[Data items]

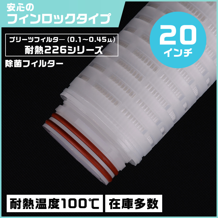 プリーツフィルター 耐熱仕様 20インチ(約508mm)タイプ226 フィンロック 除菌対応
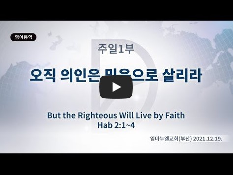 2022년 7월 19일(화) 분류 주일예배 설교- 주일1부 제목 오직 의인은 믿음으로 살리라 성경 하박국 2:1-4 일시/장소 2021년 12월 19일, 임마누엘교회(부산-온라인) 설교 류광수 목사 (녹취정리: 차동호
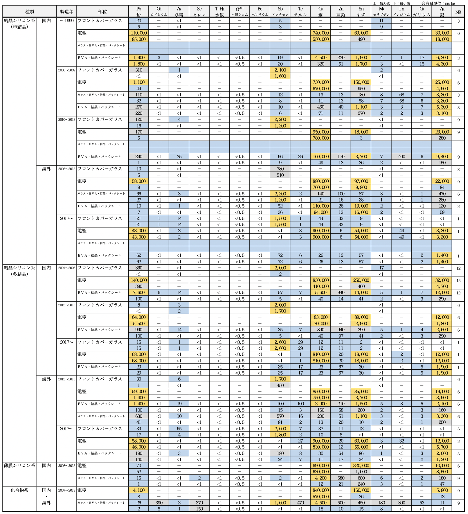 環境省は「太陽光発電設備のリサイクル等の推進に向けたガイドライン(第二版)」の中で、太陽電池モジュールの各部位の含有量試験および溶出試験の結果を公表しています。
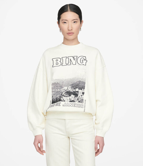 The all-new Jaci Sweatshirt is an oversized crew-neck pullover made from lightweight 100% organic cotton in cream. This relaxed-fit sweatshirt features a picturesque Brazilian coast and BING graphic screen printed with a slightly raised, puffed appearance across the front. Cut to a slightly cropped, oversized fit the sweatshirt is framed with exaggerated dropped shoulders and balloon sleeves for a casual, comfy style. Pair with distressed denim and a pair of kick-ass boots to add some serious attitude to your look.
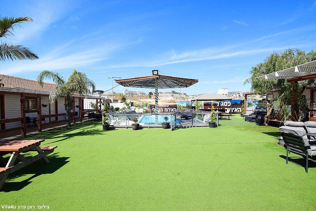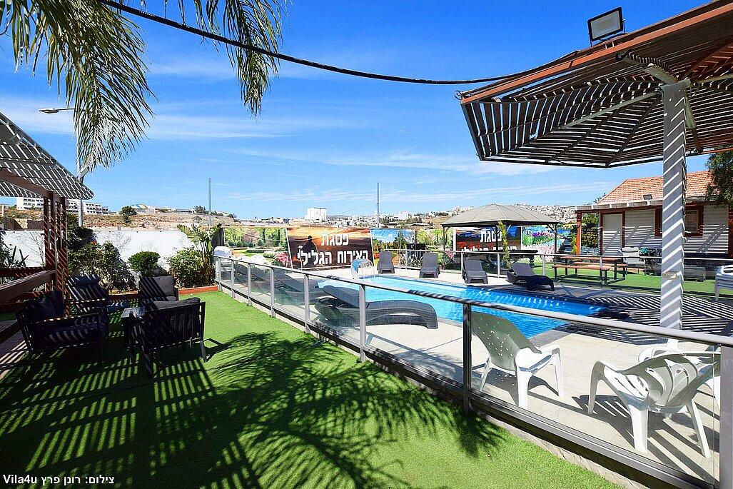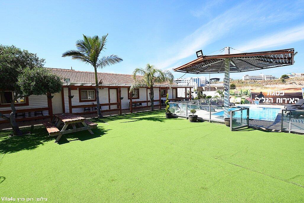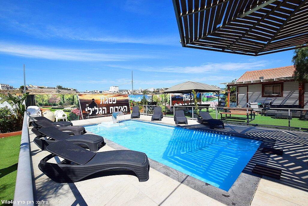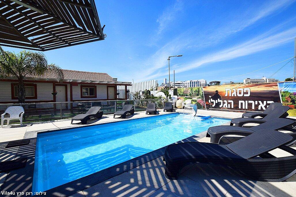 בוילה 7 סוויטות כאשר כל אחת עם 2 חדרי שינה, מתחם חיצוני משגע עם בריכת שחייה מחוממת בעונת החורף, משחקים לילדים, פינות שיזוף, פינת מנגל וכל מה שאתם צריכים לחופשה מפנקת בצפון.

• THE TASK: Verbatim copy with pictures excluded: write out the records above in full.

• RESPONSE BELOW:
 プリーツフィルター 耐熱仕様 20インチ(約508mm)タイプ226 フィンロック 除菌対応
 2022년 7월 19일(화) 분류 주일예배 설교- 주일1부 제목 오직 의인은 믿음으로 살리라 성경 하박국 2:1-4 일시/장소 2021년 12월 19일, 임마누엘교회(부산-온라인) 설교 류광수 목사 (녹취정리: 차동호
 環境省は「太陽光発電設備のリサイクル等の推進に向けたガイドライン(第二版)」の中で、太陽電池モジュールの各部位の含有量試験および溶出試験の結果を公表しています。
 The all-new Jaci Sweatshirt is an oversized crew-neck pullover made from lightweight 100% organic cotton in cream. This relaxed-fit sweatshirt features a picturesque Brazilian coast and BING graphic screen printed with a slightly raised, puffed appearance across the front. Cut to a slightly cropped, oversized fit the sweatshirt is framed with exaggerated dropped shoulders and balloon sleeves for a casual, comfy style. Pair with distressed denim and a pair of kick-ass boots to add some serious attitude to your look.
 בוילה 7 סוויטות כאשר כל אחת עם 2 חדרי שינה, מתחם חיצוני משגע עם בריכת שחייה מחוממת בעונת החורף, משחקים לילדים, פינות שיזוף, פינת מנגל וכל מה שאתם צריכים לחופשה מפנקת בצפון.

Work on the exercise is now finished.